#### [WORK TO COMPLETE]
Please give back only the lines below from the one containing "9. Wyłącznik nadprądowy" to the one containing "10月27日,我們從享界品牌", each repeated word for word, both ends included.

#### [DATASET CONTENT]
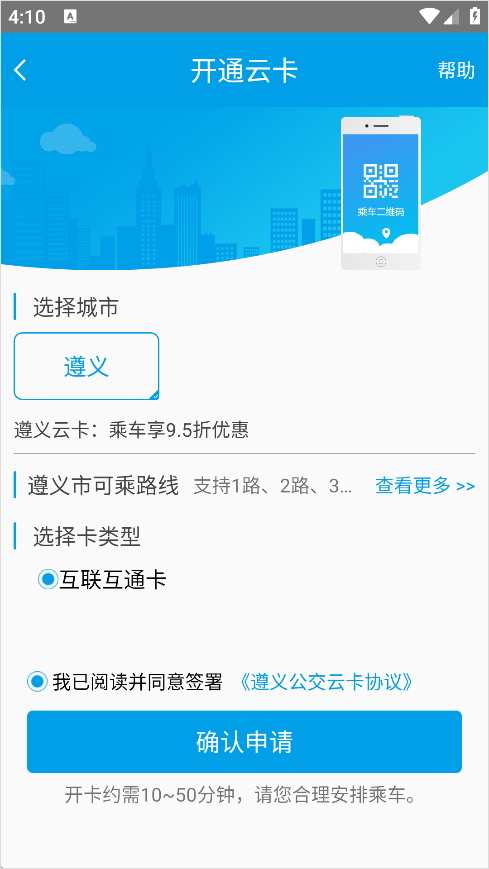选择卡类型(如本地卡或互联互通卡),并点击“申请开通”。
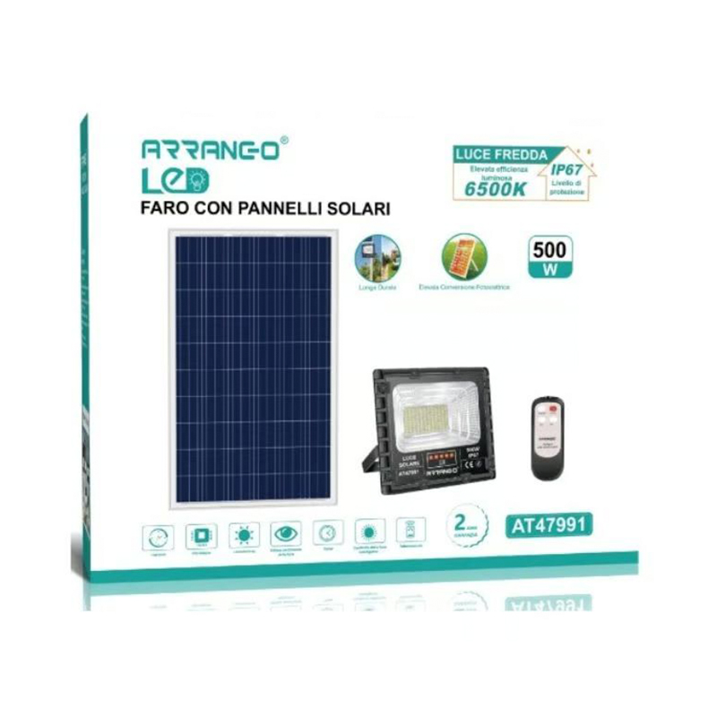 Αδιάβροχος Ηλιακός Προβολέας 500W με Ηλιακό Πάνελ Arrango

* * *

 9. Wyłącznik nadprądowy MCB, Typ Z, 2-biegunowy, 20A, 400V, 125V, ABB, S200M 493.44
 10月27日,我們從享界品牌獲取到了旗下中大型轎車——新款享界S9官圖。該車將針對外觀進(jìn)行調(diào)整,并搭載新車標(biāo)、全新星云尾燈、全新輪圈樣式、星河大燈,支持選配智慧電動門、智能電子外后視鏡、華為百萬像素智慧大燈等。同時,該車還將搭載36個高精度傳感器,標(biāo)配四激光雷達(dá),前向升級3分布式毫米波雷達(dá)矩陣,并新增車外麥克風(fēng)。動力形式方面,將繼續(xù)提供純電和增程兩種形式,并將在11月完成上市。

* * *

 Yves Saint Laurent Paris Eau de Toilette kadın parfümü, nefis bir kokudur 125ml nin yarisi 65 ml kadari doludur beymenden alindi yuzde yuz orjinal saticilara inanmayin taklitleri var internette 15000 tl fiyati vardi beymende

#### [SOLUTION FOR THIS EXERCISE]
 9. Wyłącznik nadprądowy MCB, Typ Z, 2-biegunowy, 20A, 400V, 125V, ABB, S200M 493.44
 10月27日,我們從享界品牌獲取到了旗下中大型轎車——新款享界S9官圖。該車將針對外觀進(jìn)行調(diào)整,并搭載新車標(biāo)、全新星云尾燈、全新輪圈樣式、星河大燈,支持選配智慧電動門、智能電子外后視鏡、華為百萬像素智慧大燈等。同時,該車還將搭載36個高精度傳感器,標(biāo)配四激光雷達(dá),前向升級3分布式毫米波雷達(dá)矩陣,并新增車外麥克風(fēng)。動力形式方面,將繼續(xù)提供純電和增程兩種形式,并將在11月完成上市。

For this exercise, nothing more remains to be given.